Hey Stephan,

I'd like to point out right away that the code related to your questions is shared by both programs.

regarding your first point: i have a byte[] into which i serialize the data first using a ByteBuffer, and then write that data to a MappedByteBuffer.

regarding synchronization: i couldn't find a way to use elaborate things like semaphores or similar that work between python and java alike.

the data exchange is currently completely synchronous. java writes a record, sets an "isWritten" bit and then repeatedly checks this bit whether it is 0. python repeatedly checks this bit whether it is 1. once that happens, it reads the record, sets the bit to 0 which tells java that it has read the record and can write the next one. this scheme works the same way the other way around.

*NOW,* this may seem ... inefficient, to put it slightly. it is (or rather should be...) way faster (5x) that what we had so far though (asynchronous pipes). (i also tried different schemes that all had no effect, so i decided to stick with the easiest one)

on to your last point: I'm gonna check for that tomorrow.



On 27.8.2014 20:45, Stephan Ewen wrote:
Hi Chesnay!

That is an interesting problem, though hard to judge with the information
we have.

Can you elaborate a bit on the following points:

  - When putting the objects from the Java Flink side into the shared
memory, you need to serialize them. How do you do that? Into a buffer, then
copy that into the shared memory ByteBuffer? Directly?

  - Shared memory access has to be somehow controlled. The pipes give you
flow control for free (blocking write calls when the stream consumer is
busy). What do you do for the shared memory? Usually, one uses semaphores,
or, in java File(Range)Locks to coordinate access and block until memory
regions are made available. Can you check if there are some busy waiting
parts in you code?

  - More general: The code is slower, but does it burn CPU cycles in its
slowness or is it waiting for locks / monitors / conditions ?

Stephan



On Wed, Aug 27, 2014 at 8:34 PM, Chesnay Schepler <
[email protected]> wrote:

Hello everyone,

This will be some kind of brainstorming question.

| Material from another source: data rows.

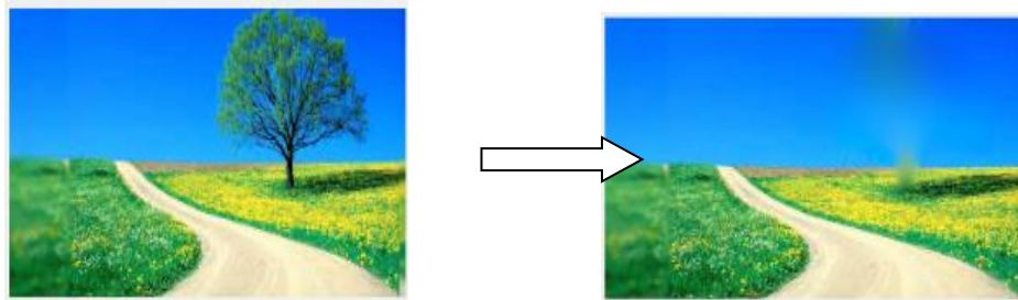
Fig.1. removing large objects from image

The filling-in of missing region in an image is known as Image Inpainting. Inpainting is the art of reconstructing an image or video in a form that is not easily detectable by an human perception. Image Inpainting has become a fundamental area of research in image processing. The reconstruction of images in a way that is non-detectable for an observer who does not know the original image is a practice as old as artistic creation itself. This practice is called ‘retouching’ or ‘Inpainting’. Also image Inpainting has been widely investigated in the applications of digital effect (i.e. object removal, image editing, image resizing), image restoration (e.g. Scratch or text removal in photograph), image coding and transmission (e.g. recovery of missing blocks). Image Inpainting could also be called as reconstruction process.
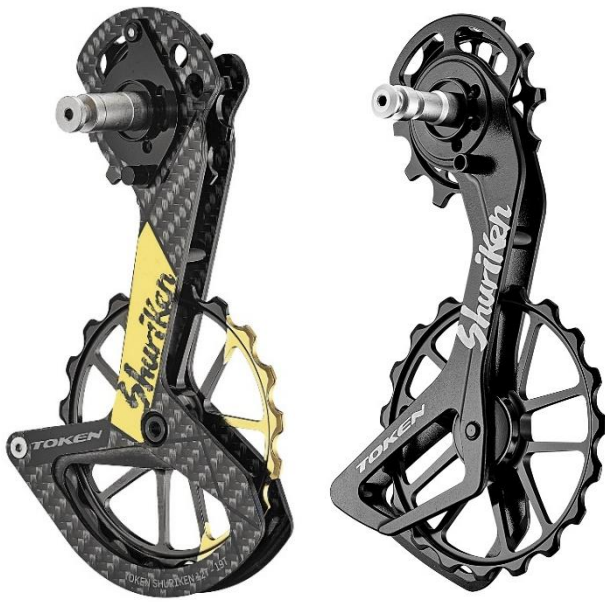
Shuriken Oversized Pulley System TK1729S / TK1729R7
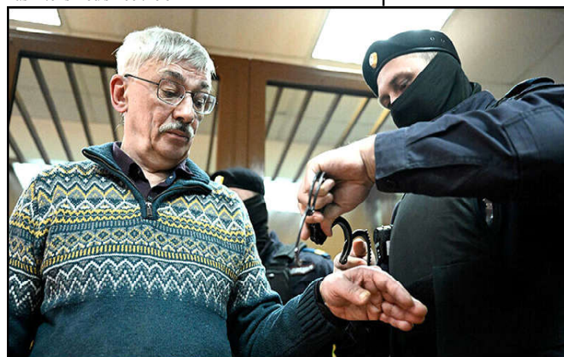
A police officer puts handcuffs on Oleg Orlov, the 70-year-old human rights campaigner and co-chair of the Nobel Prize winning Memorial group, after Orlov was sentenced to two and a half years in jail on charges of repeatedly "discrediting" the Russian army, in Moscow.
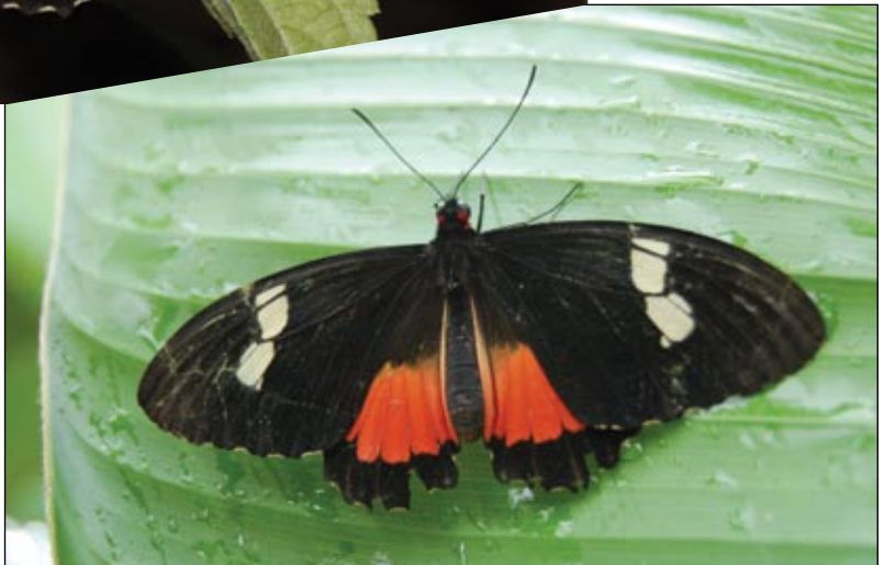
Parides erithalion female
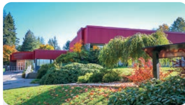
COUGAR CANYON ELEMENTARY School Population: 500
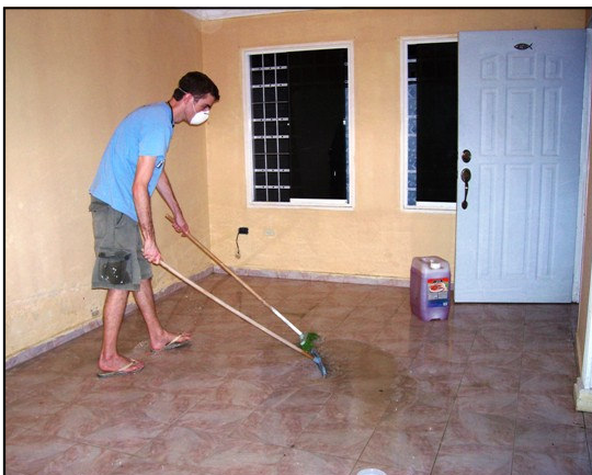
I clean my new rental house. This is my 5th living arrangement in less than 5 years in Venezuela. Banner-photo above: Outside my new house.

On July 23, after a long day of fruitless house searching, I was dejected and ready to give up. On July 24, as I was leaving for work, I noticed that there were people leaving the abandoned house across the street from where I lived. For months that house had mocked me, sitting empty in a perfect

As some of you may know I am currently working on the Python API. The most
crucial part here is how the data is exchanged between Java and Python.
Up to this point we used pipes for this, but switched recently to memory
mapped files in hopes of increasing the (lacking) performance.

Early (simplified) prototypes (outside of Flink) showed that this would
yield a significant increase. yet when i added the code to flink and ran a
job, there was
no effect. like at all. two radically different schemes ran in /exactly/
the same time.

my conclusion was that code already in place (and not part of the
prototypes) is responsible for this.
so i went ahead and modified the prototypes to use all relevant code from
the Python API in order to narrow down the culprit. but this time, the
performance increase was there.

Now here's the question: How can the /very same code/ perform so much
worse when integrated into flink? if the code is not the problem, what
could be it?

i spent a lot of time looking for that one line of code that cripples the
performance, but I'm pretty much out of places to look.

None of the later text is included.